### Recorded information ###
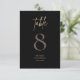 Elegant black and gold birthday party table number card featuring modern typography on a stylish dark background. Perfect for milestone birthday celebrations, adult birthday parties, and black and gold themed events. Ideal for table decorations, party seating, and event organization. Matches black and gold birthday invitations and party decorations.
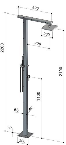 Дизайн уличного душа Square сочетает в себе прямолинейность и геометричность формы. Душ подходит для установки на открытом воздухе в гостиницах, кемпингах, туристических или пляжных курортах, или для частного использования.
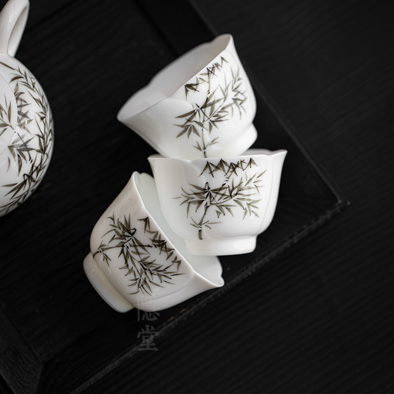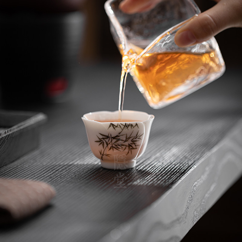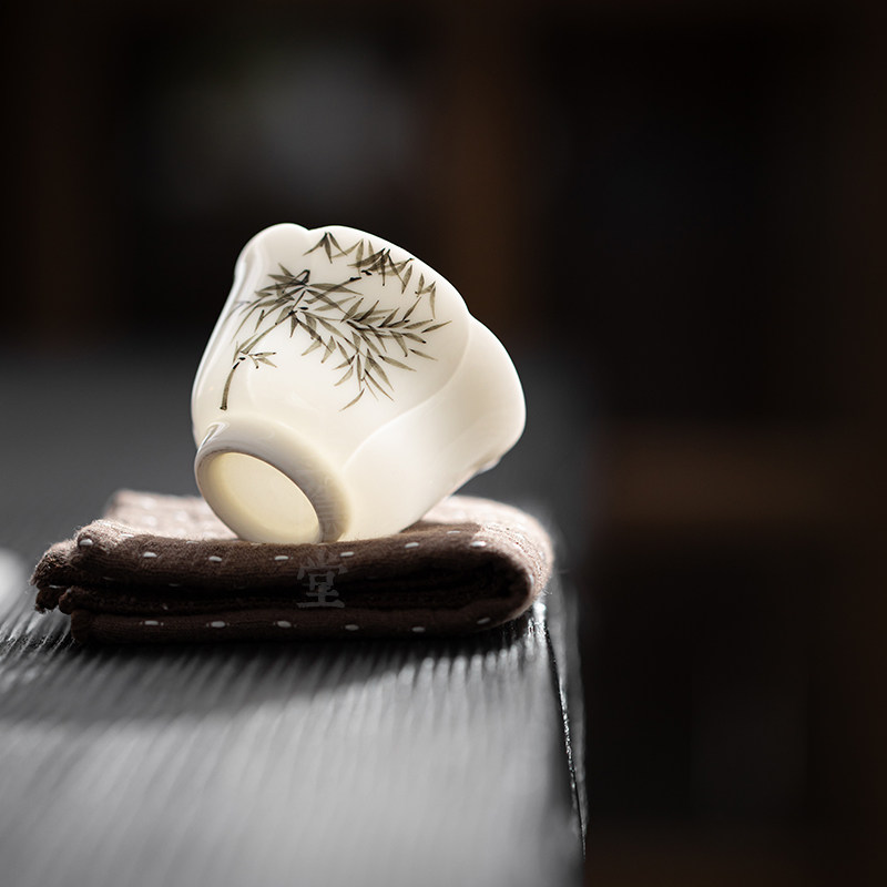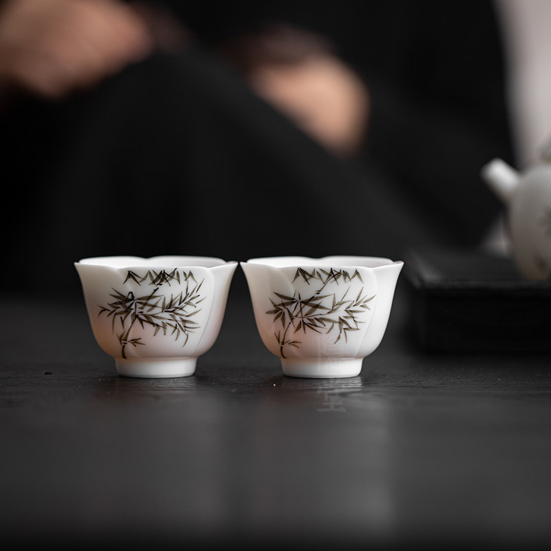 📚 圭隐堂纯手绘墨竹陶瓷功夫茶杯家用复古主人杯个人单杯品茗杯
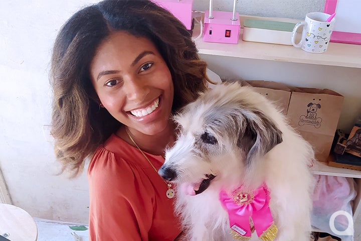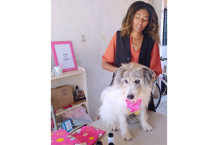 Foi Luly quem motivou Camila a empreender no setor de confecção de roupas e acessórios para cães e gatos. Ela começou em 2019 e, desde então, vem conquistando mais e mais clientes, pelo diferencial de seu modo de trabalhar: faz roupas sob medida.
###
Make a word-for-word repeat of the material, skipping all pictures.

 Elegant black and gold birthday party table number card featuring modern typography on a stylish dark background. Perfect for milestone birthday celebrations, adult birthday parties, and black and gold themed events. Ideal for table decorations, party seating, and event organization. Matches black and gold birthday invitations and party decorations.
 Дизайн уличного душа Square сочетает в себе прямолинейность и геометричность формы. Душ подходит для установки на открытом воздухе в гостиницах, кемпингах, туристических или пляжных курортах, или для частного использования.
 📚 圭隐堂纯手绘墨竹陶瓷功夫茶杯家用复古主人杯个人单杯品茗杯
 Foi Luly quem motivou Camila a empreender no setor de confecção de roupas e acessórios para cães e gatos. Ela começou em 2019 e, desde então, vem conquistando mais e mais clientes, pelo diferencial de seu modo de trabalhar: faz roupas sob medida.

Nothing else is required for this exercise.